(Recorded data)
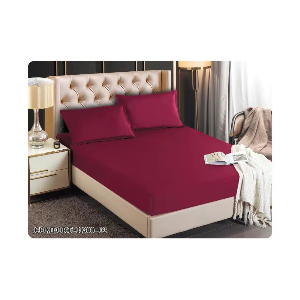 Husa de Pat Tercot cu Elastic + 2 Fete de Perna pentru Pat Dublu Bordo - EAT207
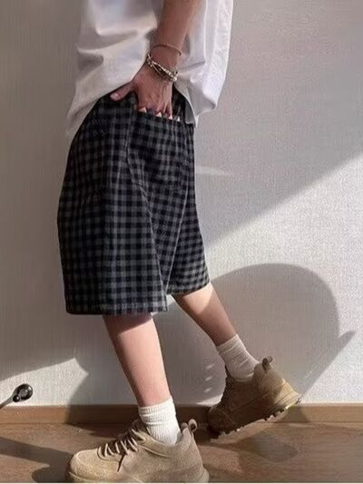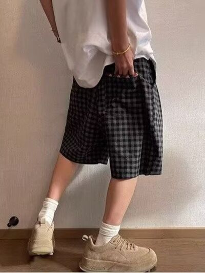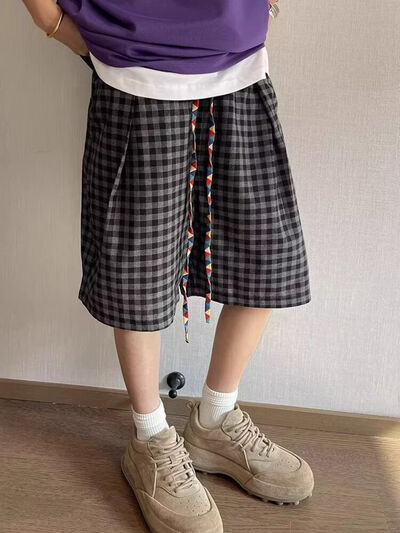 Men's Plus Size Plaid Drawstring Casual Shorts
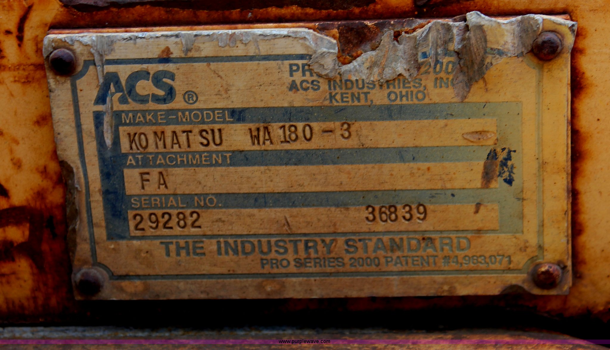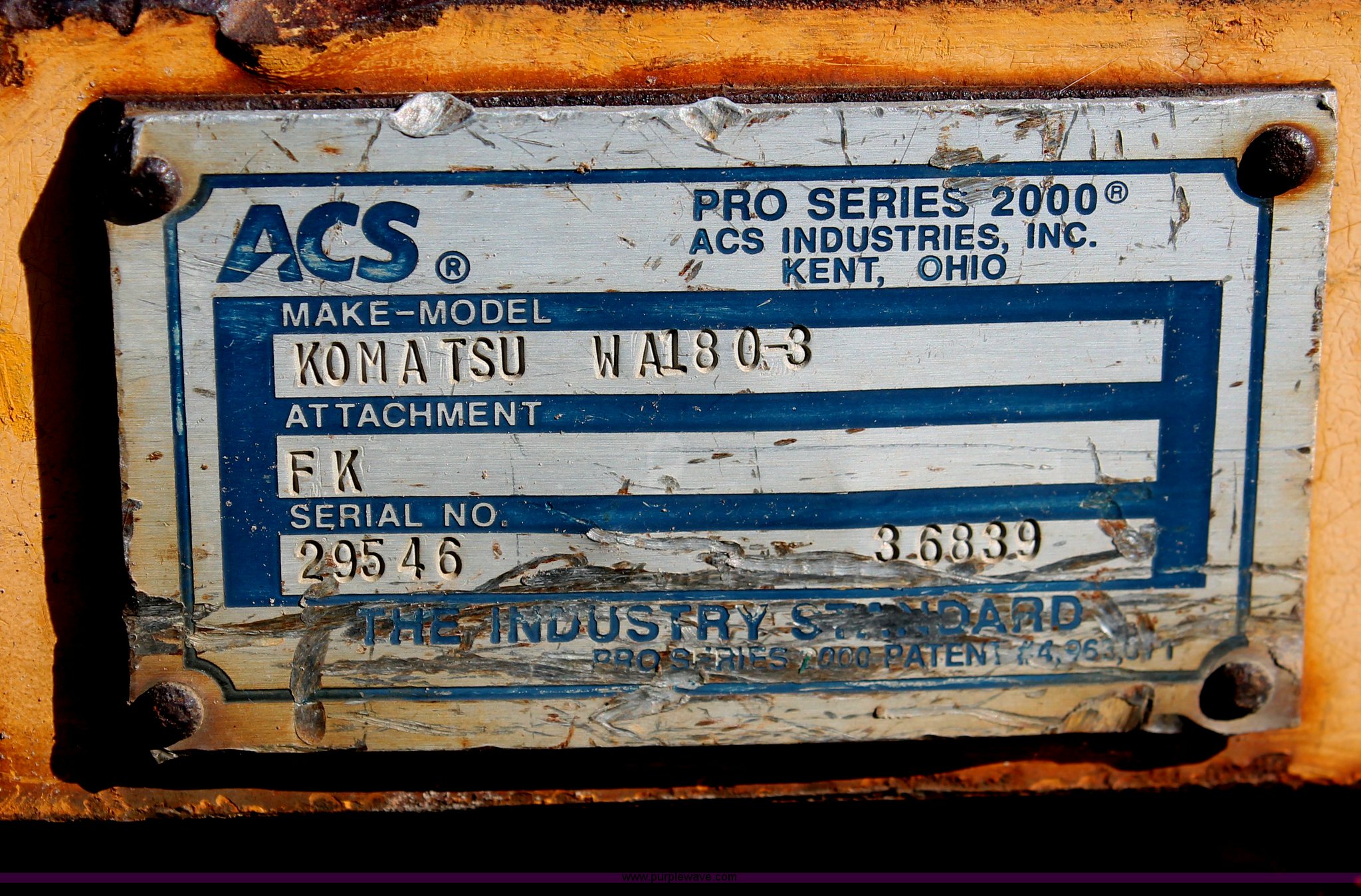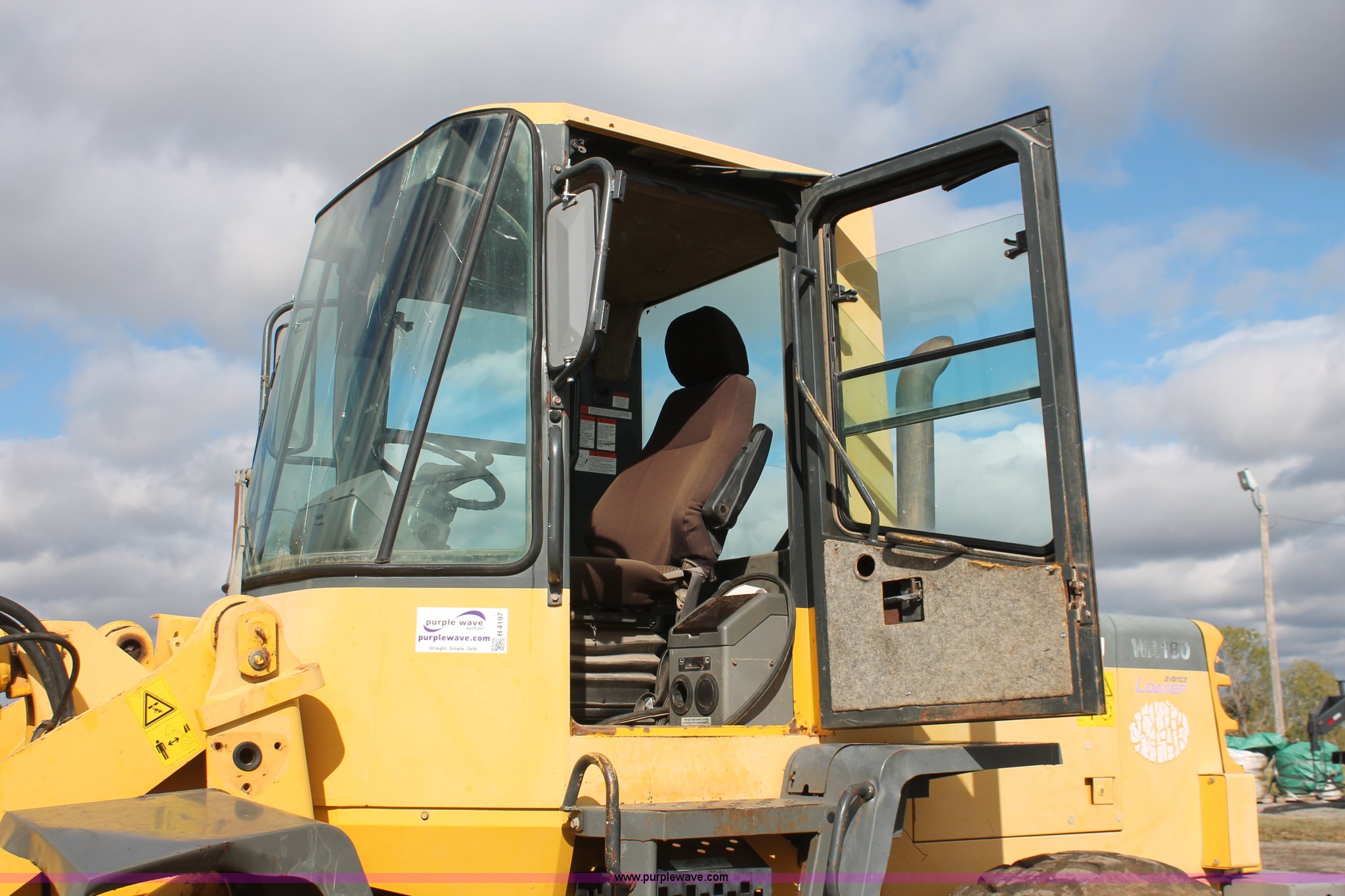 Purple Wave is selling a used Wheel Loader in Oklahoma. This item is a 1999 Komatsu WA180-3L Advance articulated wheel loader with the following: 6,187 hours on meter, Komatsu 5.9L six cylinder diesel engine, Model S6D102E-1, Serial 45717849, Four speed powershift transmission, Enclosed cab, AC and heat, Spring suspension seat, Front work lights, Joystick loader control, Front and rear windshield wipers, ACS quick attach, Serial 29160, ACS 96" bucket, Smooth bolt-on edge, Serial 29282, ACS quick attach forks, 48" x 6" forks, Adjustable forks, Serial 29546, Rear counter weight, Pin hitch, Bridgestone V-Steele K-traction 17.5R25 tires, 20,816 lbs. base operating weight, Cracked glass, Serial A80305
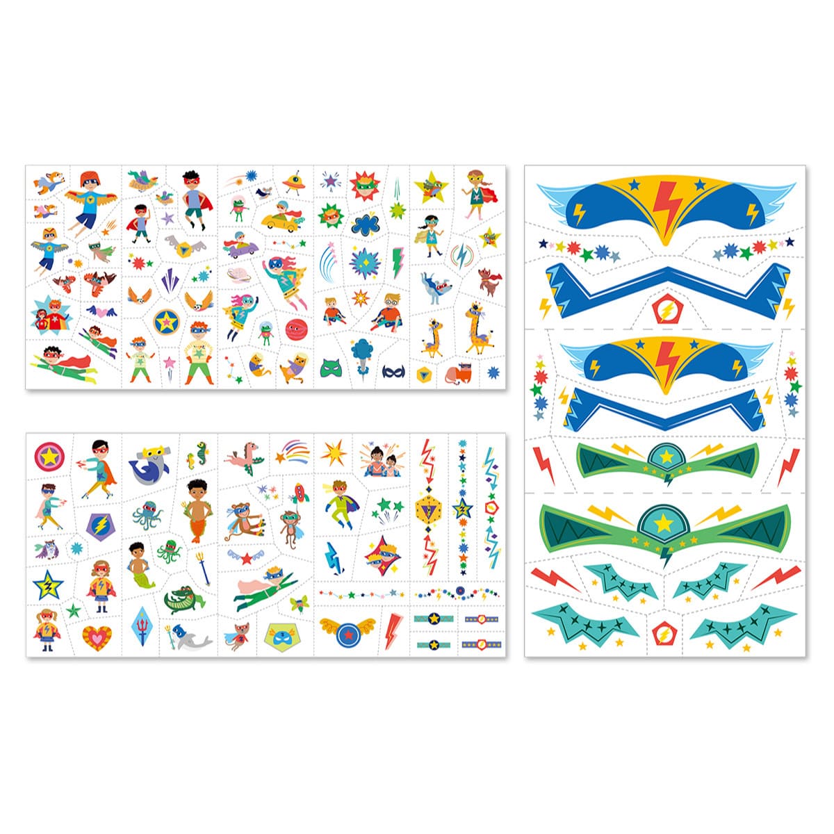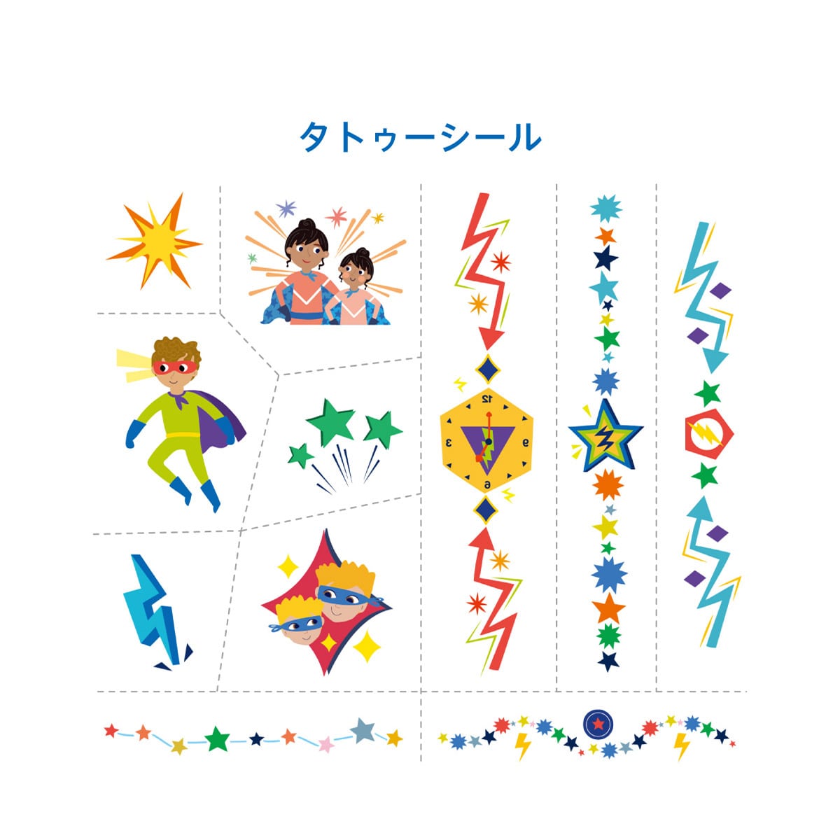タトゥーシールが2シート(117個)、フェイスシールが1シート(20個)、と計137個入り。今日はどれにしよう?と組み合わせを楽しみながら使えます。身に付けると元気が出たり気持ちが強くなる、スーパーヒーロー・スーパーガールになれるモチーフ。パパと一緒に使うのもおすすめ。
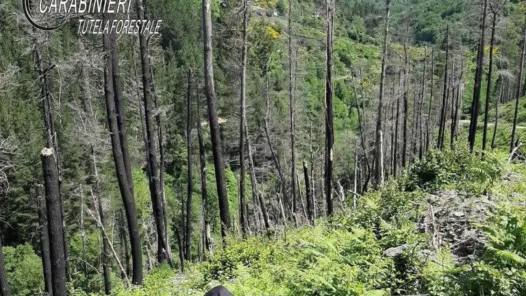 A seguito di un controllo si è accertato che in due aree distinte di questa zona sono state tagliate piante di alto fusto di abete e pino laricio. In particolare 93 piante di abete di Douglas e 202 di Pino laricio con diametro variabile da 25 a 80 cm. Da successive indagini effettuate dalla stazione Carabinieri Forestale, è emerso che il taglio delle piante è stato realizzato in assenza delle necessarie autorizzazioni da una dita boschiva di Luzzi su incarico del Comune di Rose con la motivazione che a seguito dell’incendio gli alberi erano pericolanti.

_Action item:_ Begin with the line that has "タトゥーシールが2シート(1" and continue to the last line of the entries, printing each line exactly and nothing else; include both ends and skip the pictures.

_Answer:_
タトゥーシールが2シート(117個)、フェイスシールが1シート(20個)、と計137個入り。今日はどれにしよう?と組み合わせを楽しみながら使えます。身に付けると元気が出たり気持ちが強くなる、スーパーヒーロー・スーパーガールになれるモチーフ。パパと一緒に使うのもおすすめ。
 A seguito di un controllo si è accertato che in due aree distinte di questa zona sono state tagliate piante di alto fusto di abete e pino laricio. In particolare 93 piante di abete di Douglas e 202 di Pino laricio con diametro variabile da 25 a 80 cm. Da successive indagini effettuate dalla stazione Carabinieri Forestale, è emerso che il taglio delle piante è stato realizzato in assenza delle necessarie autorizzazioni da una dita boschiva di Luzzi su incarico del Comune di Rose con la motivazione che a seguito dell’incendio gli alberi erano pericolanti.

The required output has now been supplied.